Economics is broken, but you need to better explain the reasons.
While Capitalism is equated with a market based economy, the difference is that while markets need money to circulate, we see it as the signal to extract from the noise of society and the economy, to save and store. Resulting in this current bubble of financial speculation that is metastatically destroying the economy.
Econ 101 says money is both medium of exchange and store of value, but a medium is dynamic, while store is static. Blood is a medium, fat is a store. Roads are a medium, parking lots are a store. The hallway is a medium, the hall closet is a store. The average five year old senses the difference, but economists lack that level of insight.
Money is a glorified voucher system, but we assume it to be a commodity, rather than a contract between the individual and the community. So we think of it as a fuel, rather than an economic lubricant.
Since the asset is backed by a debt, similar amounts of debt have to be incurred, to store the desired assets. Given much of this debt is public, the secret sauce of capitalism is that public debt backs private wealth.
Those politicians occasionally railing against government spending are either naive, or cynical. It doesn’t take much intelligence to realize the capital markets simply could not function, without the government siphoning up trillions in surplus capital. Where would it go otherwise? Derivatives? Apple stock?
What if the government threatened to tax out what it currently borrows? Would people start screaming about the government taking “their” money? Whose picture is on it? Who holds the copyrights and maintains its value?
The fact is that money is a public utility, like roads. We own it like we own the section of road we are using, or the air and water flowing through our bodies. Its functionality is in its fungibility.
People who love money and hate government are like the fish that loves the worm, but hates the hook. If you don’t like the government, don’t use their currency.
We all save for many of the same reasons; raising children, housing, healthcare, retirement, etc. If we saved for these directly, by investing in them as community assets, than everyone trying to save for them individually, we would have stronger communities and healthier environments, as stores of value, not just resources to be used. Networks matter as much as nodes.

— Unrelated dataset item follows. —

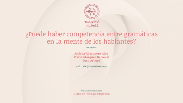 El presente trabajo es el resultado de la atenta lectura del libro 60 Problemas de Gramática (2011) de Escandell Vidal, V., Leonetti, M. y Sánchez Lopez, C. de Ediciones Akal. En concreto, este trabajo en grupo supone una reseña del capítulo25.¿Puede haber competencia entre gramáticas en la mente de los hablantes? El objetivo de la reseña por tanto será a) contextualizar el capítulo dentro de la disciplina gramatical, b) resumir dicho capítulo, c) analizar el texto de forma crítica y d) proponer una hipótesis o solución práctica al problema planteado.
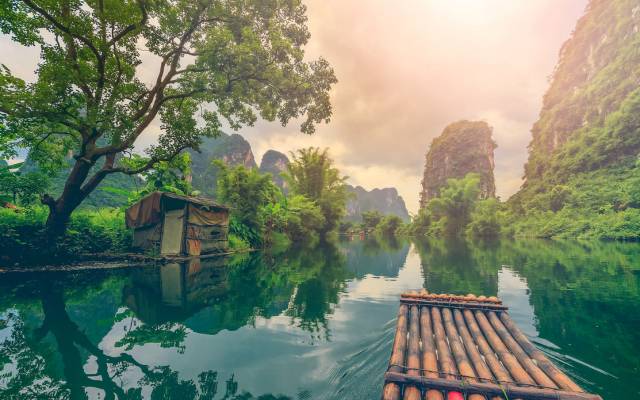 和风吹拂中的漓江,流云漫漫,阳光明媚,风中摇曳的茸茸灌木和小花,远远看去,若美女身上的衣衫,晴朗天候,上下天光,一碧万顷,千峦百蟑,尽人眼帘。

There really isn’t sufficient profitable investments to save the amount of notational value we feel we need.
As it is, our individualistic ethos just results in an atomized society, that is more easily manipulated by institutional authority and mediated by a parasitic financial system.
As the executive and regulatory function of society, government is analogous to the central nervous system. As money and finance are analogous to blood and the circulation system. There was a time when government was private, but when monarchs lost sight of the fact they served a function to society, in order to be served by it, they were usurped in favor of government as public utility. It is a two way street. Currently banking is having its; “Let them eat cake.” moment.
Not that finance could be a direct function of government, as the political impulse to print excess money is very strong, especially if it is being viewed as economic fuel. Like the head and the heart, they are distinct functions.